Ho’oponopono ist eine Tradition der „geistigen Reinigung“ aus Hawaii, die in ähnlicher Form im gesamten Südpazifischen Raum vorkam. Gibt es Streit oder ist jemand krank, kommen die Familienmitglieder zusammen und halten gemeinsam Rituale und Gebete ab. Das Problem soll gelöst werden, miteinander. Die ältesten Familienmitglieder leiten meist die Treffen. Der Ausgangspunkt ist, dass eine Krankheit oder Unstimmigkeit durch Schuldgefühle, Tabubrüche, Anschuldigungen oder fehlende Vergebung entsteht. Bei den Ho’oponopono-Treffen kann das alles aufgelöst werden, um sich zum Guten zu wenden. Die Probleme werden angesprochen, es wird gemeinsam gesungen und/oder gebetet und es wird gegenseitig um Verzeihung gebeten. Das Wort Ho’oponopono bedeutet „etwas zurechtrücken, richtigstellen“ und wird auch als „Weg zur Vollkommenheit“ bezeichnet. Hawaiianische Gerichte des späten 20. Jahrhunderts begannen bei manchen Delikten, sowohl Jugendliche als auch Erwachsene zur Abhaltung eines Ho’oponopono zu verurteilen.


Weiterentwicklung

Aus den traditionellen Ho’oponopono Methoden wurden Formen der Anwendung für die heutige Zeit entwickelt, die man auch alleine durchführen kann. Dabei wird Wert auf die Erkenntnis gelegt, dass alles mit allem verbunden ist, dass man selbst eine 100%ige Verantwortung trägt und sich selbst verzeihen und lieben soll.

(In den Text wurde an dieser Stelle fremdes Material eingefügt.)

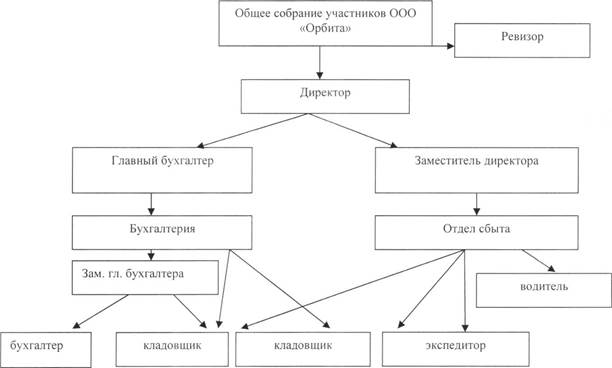 Рисунок 1.1 - Организационная структура управления ООО «Орбита» Директор организует работу и эффективное взаимодействие всех работников, добиваясь высоких показателей технического уровня и качества работ по реализации и оказанию услуг, рационального и экономического расходования всех видов ресурсов, а также принимает меры по обеспечению организации квалифицированными кадрами, для наилучшего использования знаний и опыта работников, решает вопросы, касающиеся обеспечения бесперебойности работы ООО «Орбита».
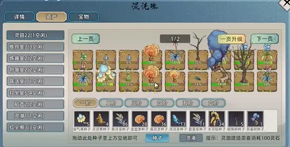 在混沌珠中开辟灵田,等级高,灵田数量就多,升级后,记得及时开辟新的灵田。灵田的数量直接影响到你的灵植产量,因此尽早升级混沌珠是关键。

Die hawaiianische Kahuna-Heilerin Morrnah Simeona (1913-1992) beschreibt Probleme als Auswirkungen von negativem Karma. Jeder ist selbst Schöpfer seiner Lebensumstände, jedes Fehlverhalten dieses und vergangener Leben im Gedächtnis gespeichert. Ziel von Simeonas Methode ist es, sich und andere durch Gebete aus karmischen Verbindungen zu befreien und schmerzhafte Erinnerungen in „Reines Licht“ umzuwandeln. Simeona hat die drei Bestandteile des Selbst in den Ho’oponopono Prozess integriert: Unihipili = Kind, Unterbewußtes, Uhane = Mutter, Bewußtes, Aumakua = Vater, Überbewußtes. Sind diese drei (durch Ho’oponopono) im Einklang, bewegt sich der Mensch wieder im Rhythmus des Göttlichen.


Lieben und Verzeihen

Der ehemalige Mitarbeiter von Morrnah Simeona, Dr. Ihaelakala Hew Len, entwickelte die „Liebes- und Verzeihensarbeit“ die vier Schritte umfaßt, die man oft mehrmals wiederholt:

1. Die Situation in sich bestätigen. Bsp.: Womit habe ich diese Situation, diese Krankheit in mein Leben gezogen? (Diese Frage stellt man sich auch, wenn es um die Probleme oder Krankheit anderer geht. Man fragt immer sich selbst!) Hat man Antwort/en gefunden, bekommen diese Gefühle und Erkenntnisse Anerkennung mit den Worten: „Es tut mir leid.
2. Die Erkenntnisse in sich zu lieben: „Ich liebe mich.
3. Man bedankt sich für die bevorstehende Umwandlung in sich: „Ich danke dafür.
4. Sich verzeihen: „Ich verzeihe mir.
Mit dem 5. und 6. Schritt übergibt man die Angelegenheit an das Göttliche:
5. Man übergibt die Situation in sich an das Göttliche zur Vollendung: „Ich übergebe es Gott.
6. Man läßt dem Gottes Willen freien Lauf und ist bereit, den Wandel zu bezeugen: „Ich bin bereit, ein Wunder zu bezeugen.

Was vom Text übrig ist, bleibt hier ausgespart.